Different tropospheric precursor anomalies leading to sudden stratospheric warmings (SSWs) may result in different circulation evolution. This study finds that there are distinct differences in tropospheric circulation evolutions during SSWs following anomalously strong- (SUR-SSWs) and weak- (WUR-SSWs) Ural ridge. SUR-SSWs exhibit enhanced East Asian trough in the following week, while enhanced Greenland ridge and negative tropospheric annular mode anomalies can persist for 1 month. In contrast, WUR-SSWs exhibit surface cooling over northern Eurasia without notable tropospheric annular mode anomalies. During SUR-SSWs, waves induced by the enhanced Ural wave source tend to propagate below the tropopause, amplifying the East Asian trough. Additionally, due to decreased wave phase speed, the preexisting Ural ridge anomalies migrate westward and amplify the Greenland ridge.
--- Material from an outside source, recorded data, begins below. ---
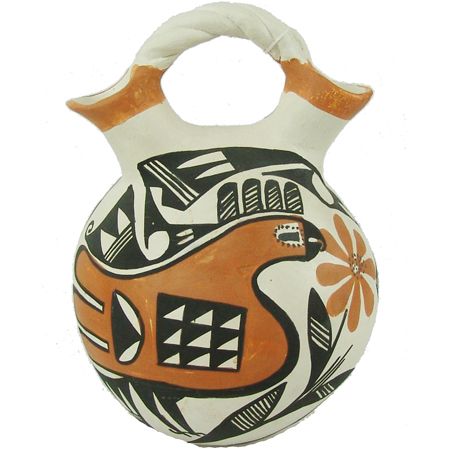 Ca. 1970s, Classic polychrome double-necked vase with twist handle and parrot figures. Signed by famous potter Eva Histia, who is the daughter of Helice Vallo. Very good condition, minor surface scratches. 10" x 7-1/2"
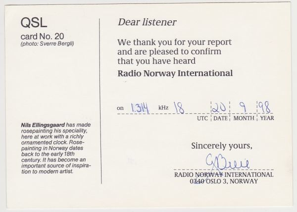 | 商品説明 | Radio Norway International のベリカードです。カード取得者の名前は記載ありません。 |
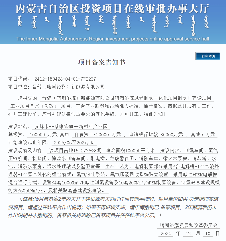 晋储(喀喇沁旗)新能源有限公司提交的晋储(喀喇沁旗)新能源有限公司喀喇沁旗风光制氢一体化项目制氢厂建设项目,符合产业政策和市场准入标准,准予备案。
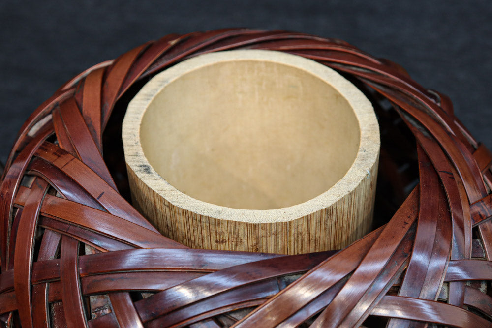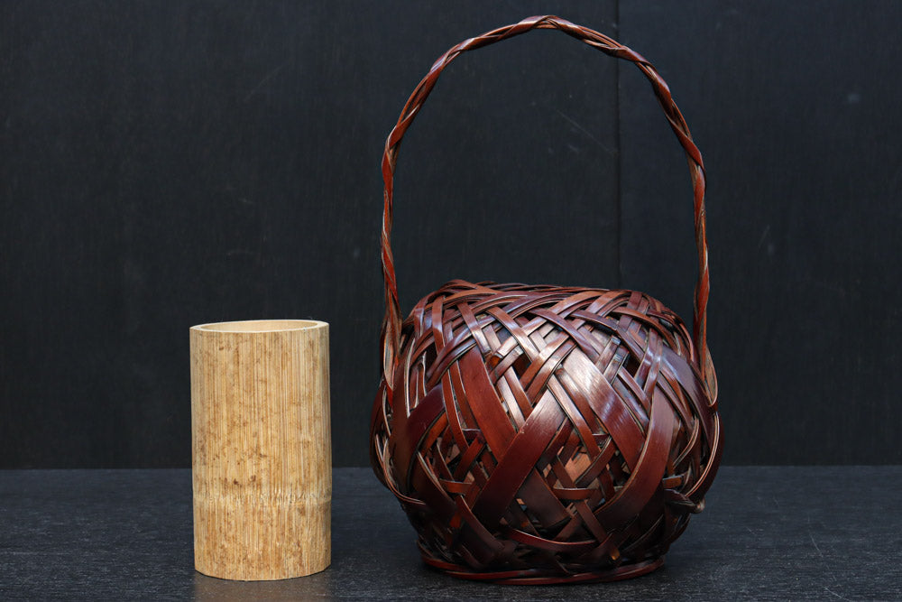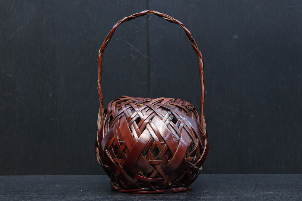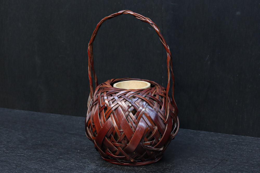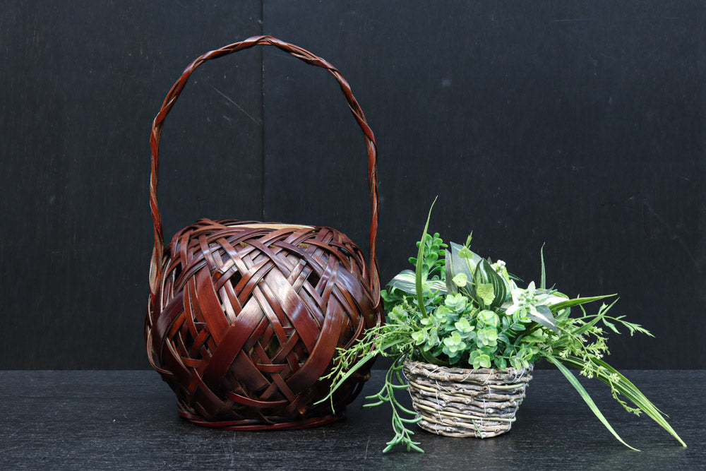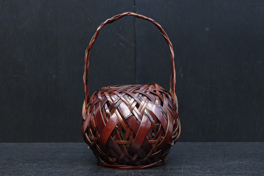 朱の艶やかな色彩が美しい持ち手付き花カゴ DC7707

Before WUR-SSWs, preexisting cooling over Northeast Asia migrates westward and amplifies northern Eurasia cooling. Thus, the Ural ridge anomalies prior to SSWs significantly influence post-SSW tropospheric circulation.

导致平流层突然变暖 （SSW） 的不同对流层前体异常可能导致不同的环流演变。本研究发现，在异常强 （SUR-SSW） 和弱 （WUR-SSW） 乌拉尔脊之后的 SSW 期间，对流层环流演变存在明显差异。SUR-SSWs 在接下来的一周表现出增强的东亚槽，而增强的格陵兰脊和负对流层环形模态异常可以持续 1 个月。相比之下，WUR-SSW 在欧亚大陆北部表现出表面冷却，没有明显的对流层环形模态异常。在 SUR-SSW 期间，由增强的 Ural 波源诱导的波倾向于在对流层顶下方传播，从而放大东亚槽。此外，由于波相速度降低，先前存在的乌拉尔山脊异常向西迁移并放大了格陵兰山脊。在 WUR-SSW 之前，东北亚上空先前存在的冷却向西迁移并放大了欧亚大陆北部的冷却。因此，SSW 之前的乌拉尔脊异常显着影响 SSW 后的对流层环流。